Voilà, c’est dit. Se plaindre rend malade physiquement.

Une étude publiée par l’Université de Stanford révèle que le fait de se plaindre de façon quotidienne et de cultiver de l’énergie négative, discipline favorite pour certaines personnes, peut rendre malade physiquement et contribue à développer des problèmes de santé importants.

Le piège de se plaindre est subtil, car lorsque l’on se plaint, on a bien souvent l’impression que l’on se libère de quelque chose, qu’on libère les tensions, mais c’est tout le contraire que notre cerveau et notre corps comprend.

Dans l’étude, on apprend que le cerveau adore la simplicité et la répétition, ce qui fait en sorte que lorsqu’on répète une action ou une parole, en l’occurrence se plaindre de façon quotidienne, celui-ci emmagasine cette routine et tend à la reproduire de façon naturelle.

Cette «routine plaignarde» fait en sorte qu’éventuellement pour l’individu, être négatif deviendra beaucoup plus facile que d’être positif. De plus, ce cercle vicieux change l’image des gens envers l’individu, ce qui n’est jamais positif.

On apprend aussi dans l’étude que se plaindre crée des dommages à une région du cerveau, l’hippocampe, essentielle à la résolution de problèmes et à l’intelligence. C’est aussi une des premières régions du cerveau attaquées par la maladie d’Alzheimer

Pas encore convaincu d’arrêter de «chialer»?

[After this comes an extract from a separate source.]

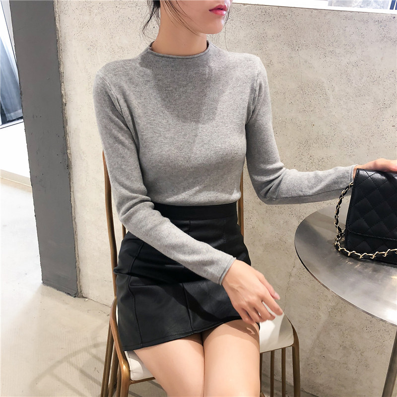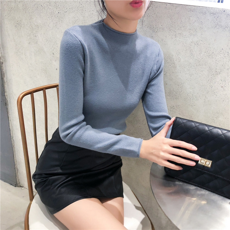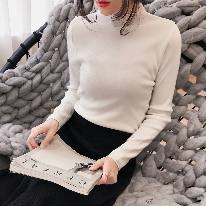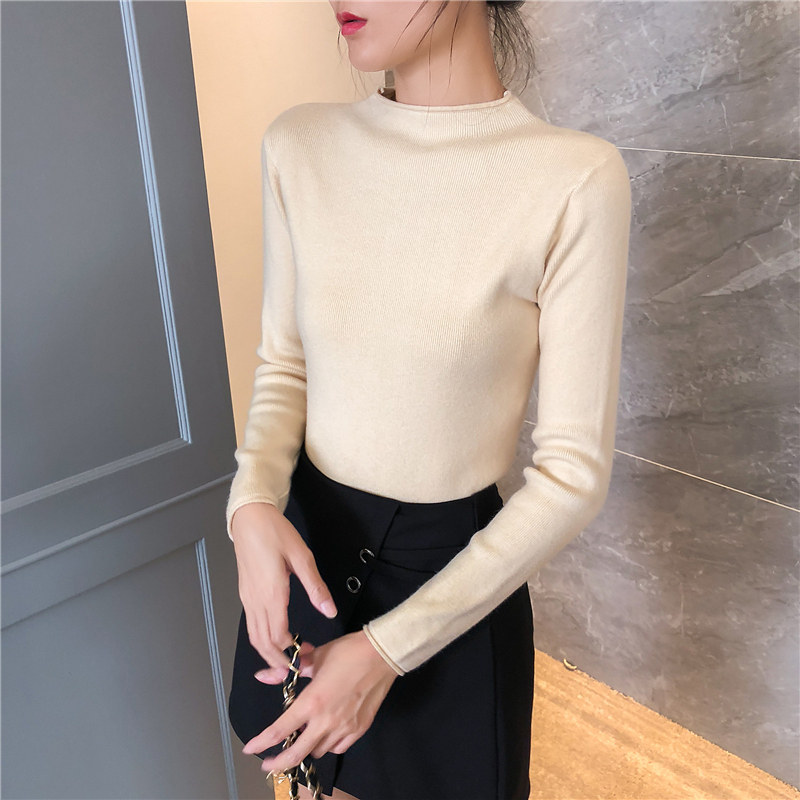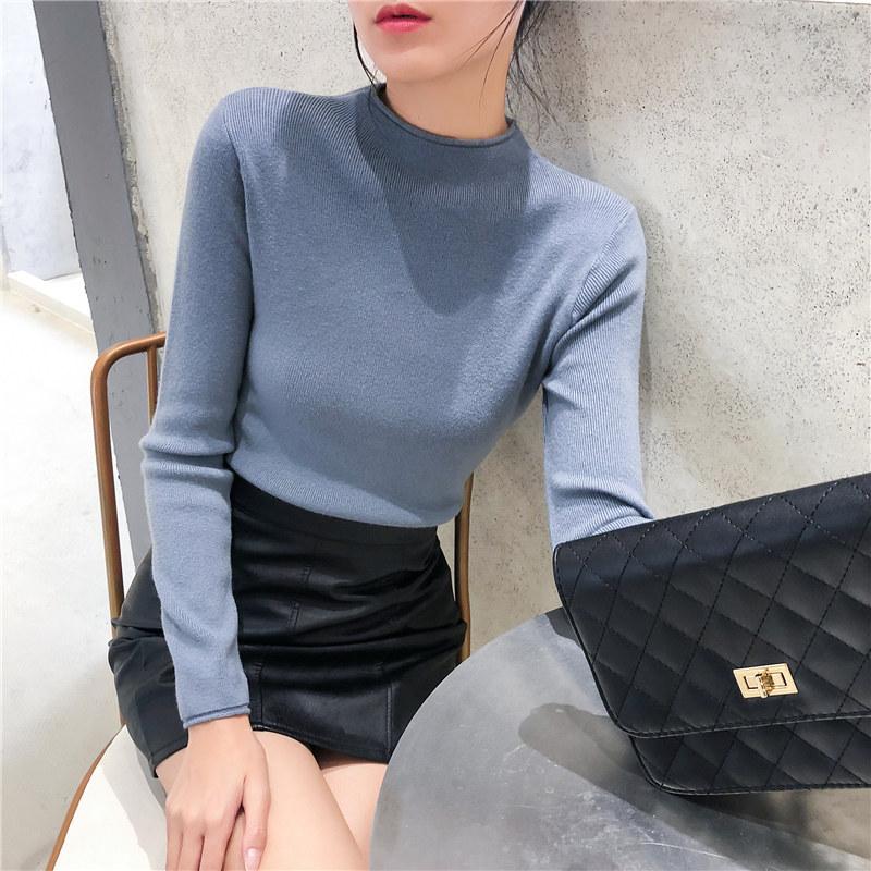 Демисезонный трикотажный свитер, базовый приятный телу лонгслив, 2025 года, высокий воротник, облегающий крой, в обтяжку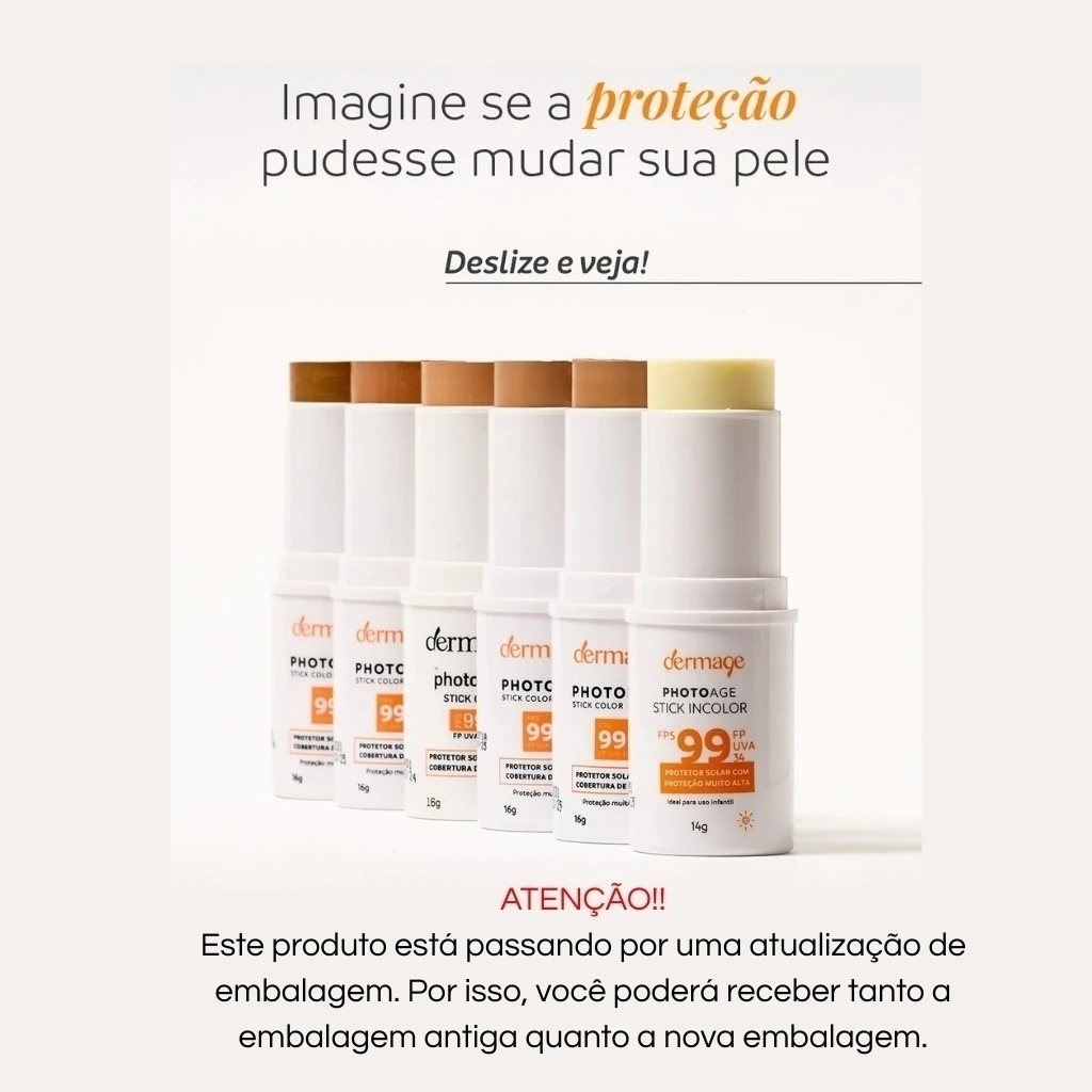 O Protetor Solar Dermage Photoage Stick FPS99 oferece proteção muito alta contra os raios UVA e UVB, ajudando a prevenir o envelhecimento precoce e manchas solares. Com formato em bastão prático e portátil, é perfeito para reaplicar ao longo do dia, inclusive sobre a maquiagem. Possui textura leve, não oleosa e transparente, garantindo conforto, sem deixar resíduos brancos na pele. Dermatologicamente testado, é indicado para todos os tipos de pele, inclusive as mais sensíveis.

Les dommages causés par le fait de se plaindre vont plus loin que ceux du cerveau.

Lorsque l’on se plaint, on crée du stress. Ce stress fait en sorte que le corps libère une hormone qui se nomme le cortisol.

Le cortisol est cette hormone qui est utilisée habituellement en cas d’immense stress, d’urgence ou peur pour sa vie. Le cortisol prend l’oxygène, le sang et l’énergie du corps pour la diriger essentiellement vers cet «état de survie» auquel le corps pense devoir faire face.

Cette production du cortisol fait augmenter la pression artérielle et le taux de sucre dans le sang, ce qui, de façon répétée, est nettement dommageable pour la santé.

Le surplus de cortisol sécrété à cause de l’énergie négative affaiblit le système immunitaire et favorise l’apparition du cholestérol, du diabète, des maladies cardio-vasculaires et de l’obésité.

Les preuves sont là.  À Go, on devient positif la gang!